"""

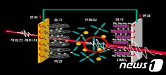 이차전지 내 음극과 양극 사잉에서 리튬이온을 통해 전류가 흐를 수 있는 통로 역할을 하는 전해질에 이차원 적외선 분 광기의 펨토초 레이저를 가하는 모습.© News1
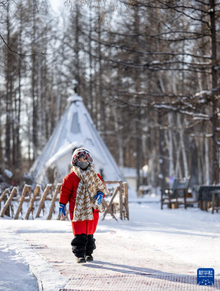 1月15日,一名小游客在根河市敖鲁古雅鄂温克民族乡游玩。
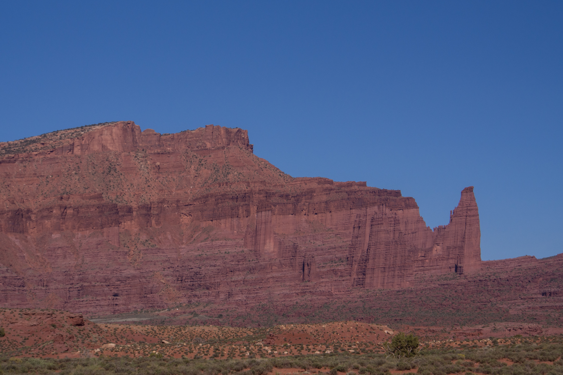 Foreground: the bottom of Rose Garden Hill; the route heads up to the saddle to the left before dropping into Fisher Valley. The ridge in the distance separates Fisher and Castle Valleys.
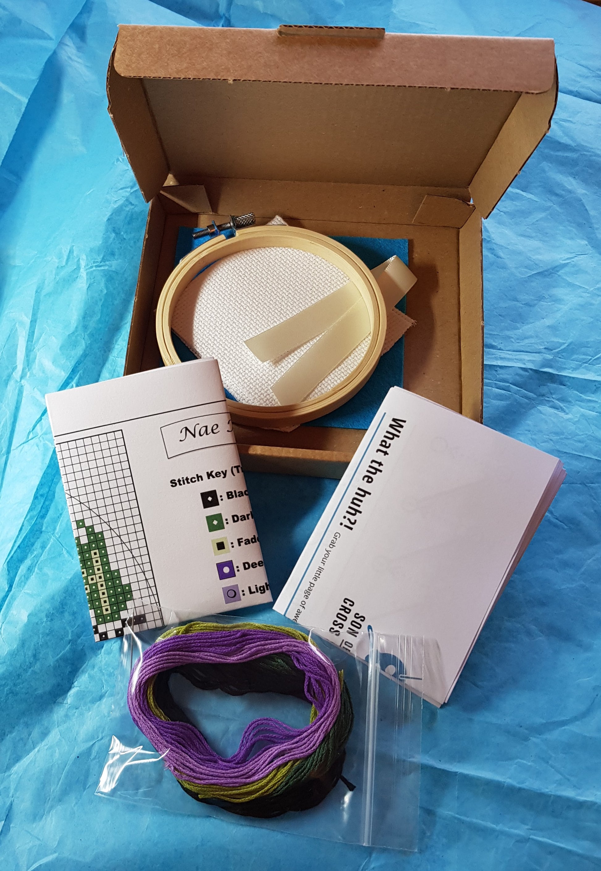 A modern cross stitch kit, which includes everything you need to make an awesome cross stitch piece!
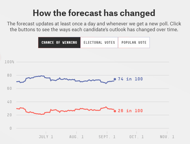 Nate Silver's FiveThirtyEight is showing Biden has a 74% chance of winning, up from 71% when the model was launched in early August. That means Trump received no convention bounce. The latest push toward the Democrat came from an NBC poll showing a nine-point lead for Biden in Pennsylvania, a key battleground state that Trump carried in 2016.
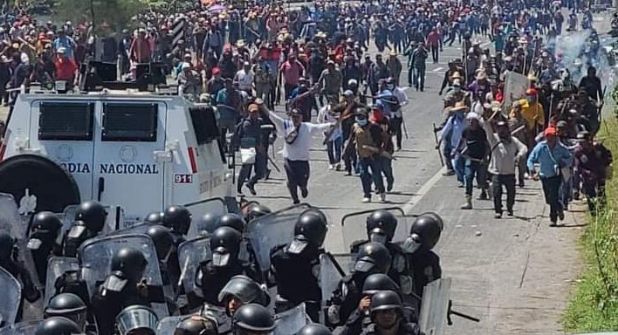 Pero los pobladores, armados con piedras, machetes, palos y tubos, derribaron las vallas metálicas, mientras que las fuerzas del orden respondieron con gas lacrimógeno el enfrentamiento duró al menos tres minutos.
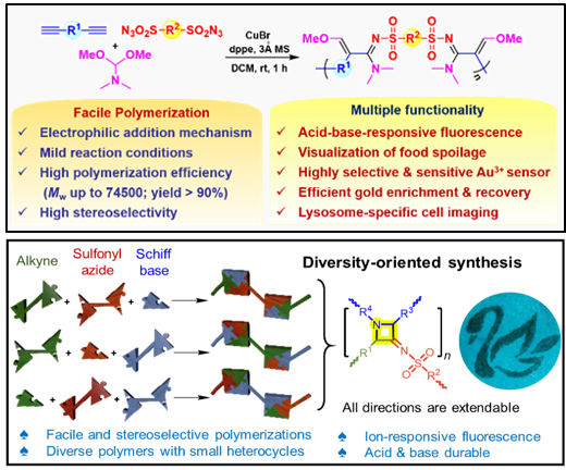 由多组分有机小分子反应衍生而来的多组分聚合方法具有原料简单、操作便捷、条件温和、环境友好、反应高效、产物结构多样等优势,可以通过简单的操作步骤高效合成结构新颖/复杂的聚合产物,是构筑多功能高分子库的有力手段。近期,作者相继开发出两种铜催化的炔烃、磺酰叠氮和亲核试剂的多组分聚合反应,构筑出一系列富含杂原子的杂链/杂环功能高分子。在工作[2]中所报道的多样性导向合成策略充分体现了多组分聚合在高效构筑结构新颖复杂的聚合产物库方面的独特优势,为拓展功能聚合物材料的结构多样性和功能化应用提供了新的思路。所得到的AIE杂链/杂环聚合物在海产品腐败检测,金离子的检测、富集与回收,Pd2+和与Cr2O72-的荧光检测,以及特异性细胞器成像等应用中均表现优异。基于近年来的相关研究工作积累,该团队受邀对基于三键聚合方法制备AIE功能稠杂环聚合物的工作进行了系统性总结,并对该领域的发展前景与挑战进行了展望[3]。
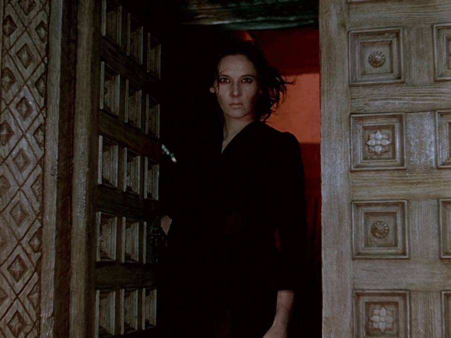 Leonardo DiCaprio (Howard), Cate Blanchett (Kate), Jude Law (Errol), and Adam Scott (Johnny) are all sitting at a table together. Two of them are a little teed off about it, while the other two are too blasted to realize it. Errol asks Howard if he’s really making a Western. Howard pretends not to hear him. Kate asks Howard if he’s making a Western. Howard responds affirmatively and excitedly. “I’m gonna call it The Outlaw,” he tells the table at large. Johnny knows all about it. “You know what it’s about?” he says to Errol. “S-E-X. It’s all about S-E-X.” I like to imagine that somewhere, Michael Powell and Emeric Pressburger had a similar conversation about Black Narcissus before they began filming, because boy, is this film all about S-E-X. No one gets any in this movie, and the collective blue balls that they’re all suffering from is something to behold. Sister Clodagh and Mr. Dean want each other. Sister Ruth would probably settle for just about any man by the time she puts on her lipstick at the end of the movie, but Mr. Dean, who is irresponsibly handsome and vocally dismissive of social niceties, is a hot fudge sundae for a woman who is ready to ditch her diet. Kanchi (we’ll talk about it) spends the movie making eyes at the Young General in a way that makes young men sit up in a cold sweat at night. No one says the word. No one does anything; these are nuns, after all, and even Dean isn’t fool enough to go around actively seducing the nuns. But the clues are there. When Sister Clodagh is sent to the Palace of Mopu, unconvincingly named the “House of St. Faith,” the mother superior expresses her concern at how young this new abbess is. The palace’s walls are painted to overflowing with pictures of nude women. Even the primary clients of the House of St. Faith are women and children, the needy ones who are constant reminders to the sisters that they will not do the things that make children, will not have children of their own. Sister Ruth is driven mad by the end of the movie because of day after day of repression, and she is a genuinely scary figure by the end. That shot of Kathleen Byron bursting into the doorway, from a room lit in red to the pale dawn in the Himalayas, her face equally pale but her eyes dark, her face shadowy—it is a skin-crawling moment, one that just feels the whole body with anxiety.
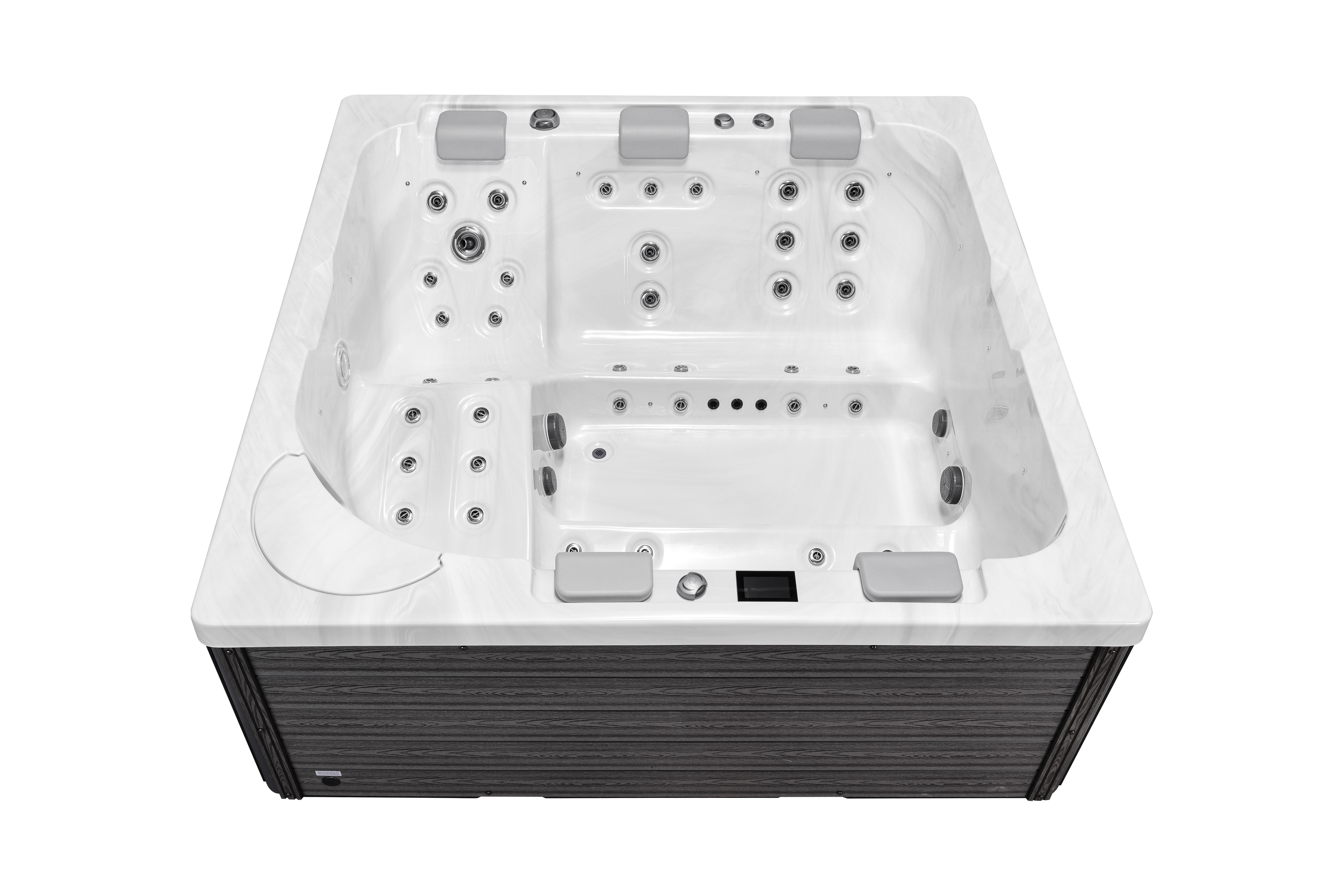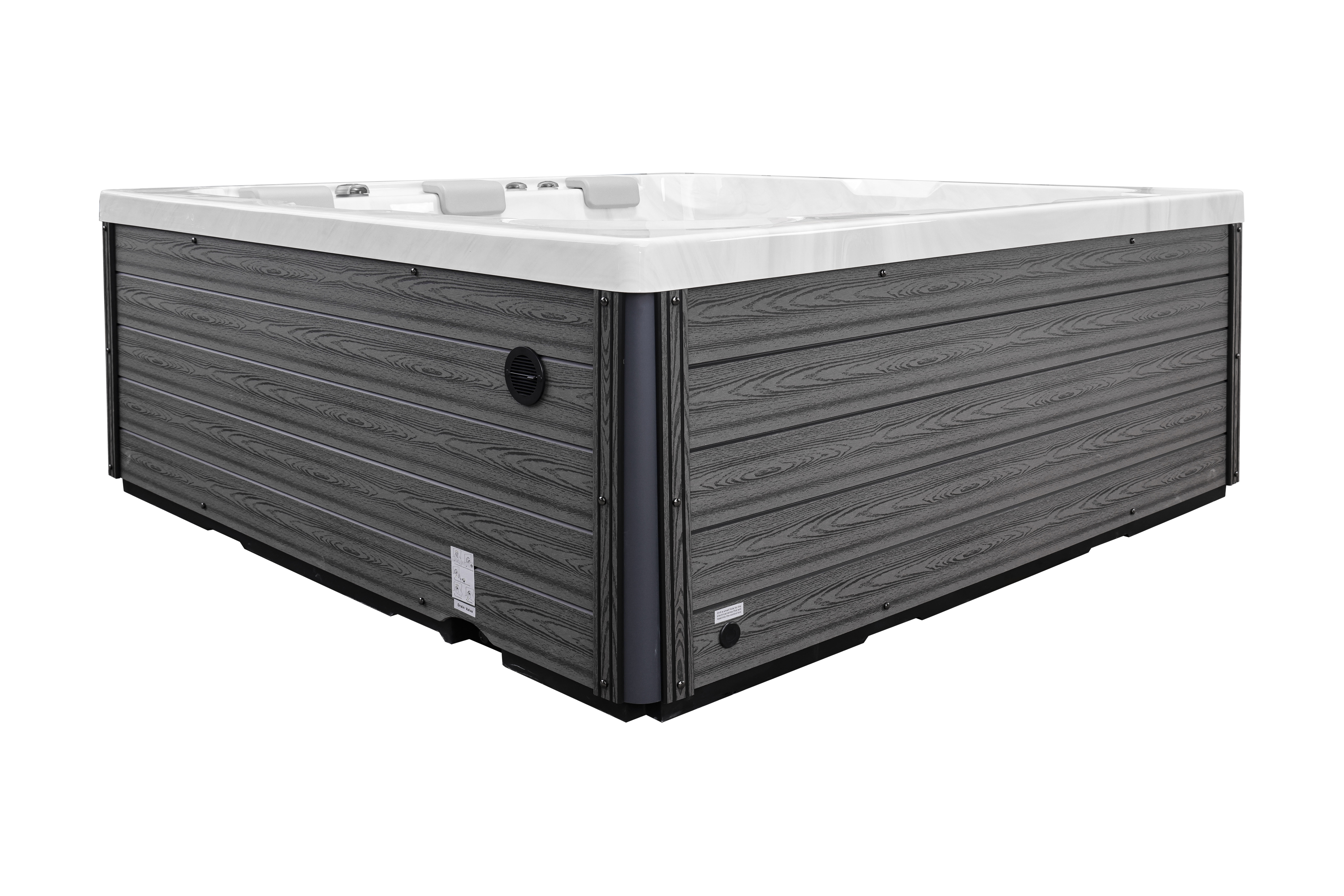 Прочная опорная рама из гальванизированной стали гарантирует устойчивость и долговечность конструкции. Элегантная обшивка из ДПК-панелей не только придает спа-бассейну современный внешний вид, но и устойчива к воздействию влаги, перепадам температур и ультрафиолетовому излучению.
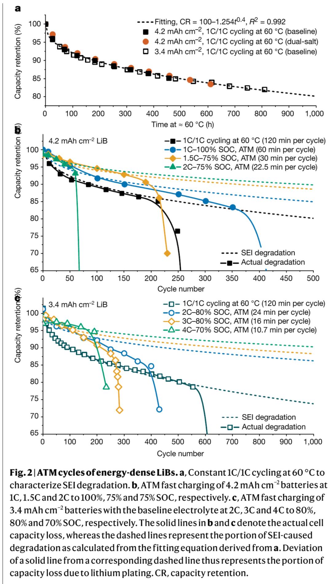 在這項工作中,本文使用能量密度更高的 NMC811 陰極材料電池。下圖 2 為 ATM 方法下的高比能鋰離子電池容量衰減曲線。下圖表明,僅使用 ATM 無法實現不鍍鋰的高能電池的 15 分鐘 / 4C 快速充電;電解質的傳輸性質需要進一步加強。
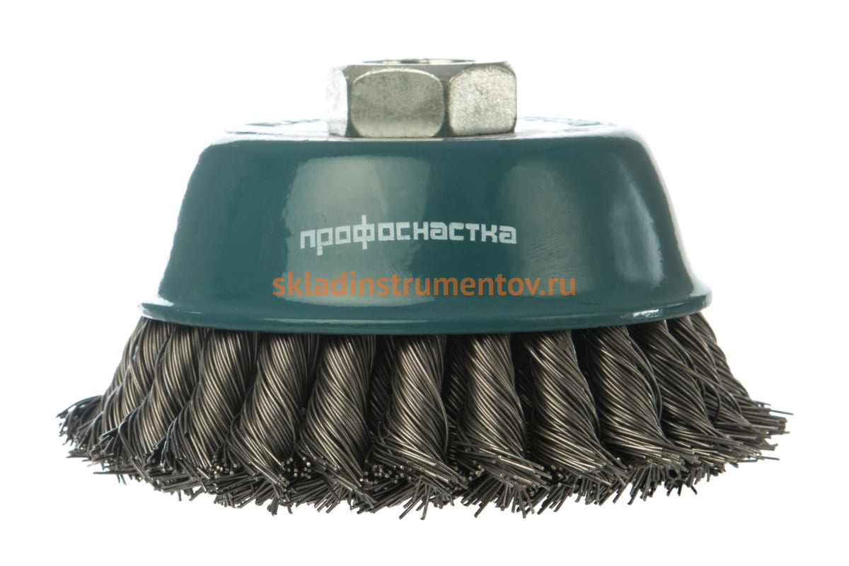 Щетка чашечная Мастер 022 Профоснастка 20102002 предназначена для угловой шлифовальной машины. Применяется для жестких и агрессивных зачистных работ на больших поверхностях. Щетка имеет стальную витую проволоку. Диаметр проволоки – 0.5 мм. Максимальное количество оборотов – 12500 об/мин.

"""

### YOUR GOAL:
Every entry above is to be printed again exactly, pictures omitted.

### THE ANSWER:
 이차전지 내 음극과 양극 사잉에서 리튬이온을 통해 전류가 흐를 수 있는 통로 역할을 하는 전해질에 이차원 적외선 분 광기의 펨토초 레이저를 가하는 모습.© News1
 1月15日,一名小游客在根河市敖鲁古雅鄂温克民族乡游玩。
 Foreground: the bottom of Rose Garden Hill; the route heads up to the saddle to the left before dropping into Fisher Valley. The ridge in the distance separates Fisher and Castle Valleys.
 A modern cross stitch kit, which includes everything you need to make an awesome cross stitch piece!
 Nate Silver's FiveThirtyEight is showing Biden has a 74% chance of winning, up from 71% when the model was launched in early August. That means Trump received no convention bounce. The latest push toward the Democrat came from an NBC poll showing a nine-point lead for Biden in Pennsylvania, a key battleground state that Trump carried in 2016.
 Pero los pobladores, armados con piedras, machetes, palos y tubos, derribaron las vallas metálicas, mientras que las fuerzas del orden respondieron con gas lacrimógeno el enfrentamiento duró al menos tres minutos.
 由多组分有机小分子反应衍生而来的多组分聚合方法具有原料简单、操作便捷、条件温和、环境友好、反应高效、产物结构多样等优势,可以通过简单的操作步骤高效合成结构新颖/复杂的聚合产物,是构筑多功能高分子库的有力手段。近期,作者相继开发出两种铜催化的炔烃、磺酰叠氮和亲核试剂的多组分聚合反应,构筑出一系列富含杂原子的杂链/杂环功能高分子。在工作[2]中所报道的多样性导向合成策略充分体现了多组分聚合在高效构筑结构新颖复杂的聚合产物库方面的独特优势,为拓展功能聚合物材料的结构多样性和功能化应用提供了新的思路。所得到的AIE杂链/杂环聚合物在海产品腐败检测,金离子的检测、富集与回收,Pd2+和与Cr2O72-的荧光检测,以及特异性细胞器成像等应用中均表现优异。基于近年来的相关研究工作积累,该团队受邀对基于三键聚合方法制备AIE功能稠杂环聚合物的工作进行了系统性总结,并对该领域的发展前景与挑战进行了展望[3]。
 Leonardo DiCaprio (Howard), Cate Blanchett (Kate), Jude Law (Errol), and Adam Scott (Johnny) are all sitting at a table together. Two of them are a little teed off about it, while the other two are too blasted to realize it. Errol asks Howard if he’s really making a Western. Howard pretends not to hear him. Kate asks Howard if he’s making a Western. Howard responds affirmatively and excitedly. “I’m gonna call it The Outlaw,” he tells the table at large. Johnny knows all about it. “You know what it’s about?” he says to Errol. “S-E-X. It’s all about S-E-X.” I like to imagine that somewhere, Michael Powell and Emeric Pressburger had a similar conversation about Black Narcissus before they began filming, because boy, is this film all about S-E-X. No one gets any in this movie, and the collective blue balls that they’re all suffering from is something to behold. Sister Clodagh and Mr. Dean want each other. Sister Ruth would probably settle for just about any man by the time she puts on her lipstick at the end of the movie, but Mr. Dean, who is irresponsibly handsome and vocally dismissive of social niceties, is a hot fudge sundae for a woman who is ready to ditch her diet. Kanchi (we’ll talk about it) spends the movie making eyes at the Young General in a way that makes young men sit up in a cold sweat at night. No one says the word. No one does anything; these are nuns, after all, and even Dean isn’t fool enough to go around actively seducing the nuns. But the clues are there. When Sister Clodagh is sent to the Palace of Mopu, unconvincingly named the “House of St. Faith,” the mother superior expresses her concern at how young this new abbess is. The palace’s walls are painted to overflowing with pictures of nude women. Even the primary clients of the House of St. Faith are women and children, the needy ones who are constant reminders to the sisters that they will not do the things that make children, will not have children of their own. Sister Ruth is driven mad by the end of the movie because of day after day of repression, and she is a genuinely scary figure by the end. That shot of Kathleen Byron bursting into the doorway, from a room lit in red to the pale dawn in the Himalayas, her face equally pale but her eyes dark, her face shadowy—it is a skin-crawling moment, one that just feels the whole body with anxiety.
 Прочная опорная рама из гальванизированной стали гарантирует устойчивость и долговечность конструкции. Элегантная обшивка из ДПК-панелей не только придает спа-бассейну современный внешний вид, но и устойчива к воздействию влаги, перепадам температур и ультрафиолетовому излучению.
 在這項工作中,本文使用能量密度更高的 NMC811 陰極材料電池。下圖 2 為 ATM 方法下的高比能鋰離子電池容量衰減曲線。下圖表明,僅使用 ATM 無法實現不鍍鋰的高能電池的 15 分鐘 / 4C 快速充電;電解質的傳輸性質需要進一步加強。
 Щетка чашечная Мастер 022 Профоснастка 20102002 предназначена для угловой шлифовальной машины. Применяется для жестких и агрессивных зачистных работ на больших поверхностях. Щетка имеет стальную витую проволоку. Диаметр проволоки – 0.5 мм. Максимальное количество оборотов – 12500 об/мин.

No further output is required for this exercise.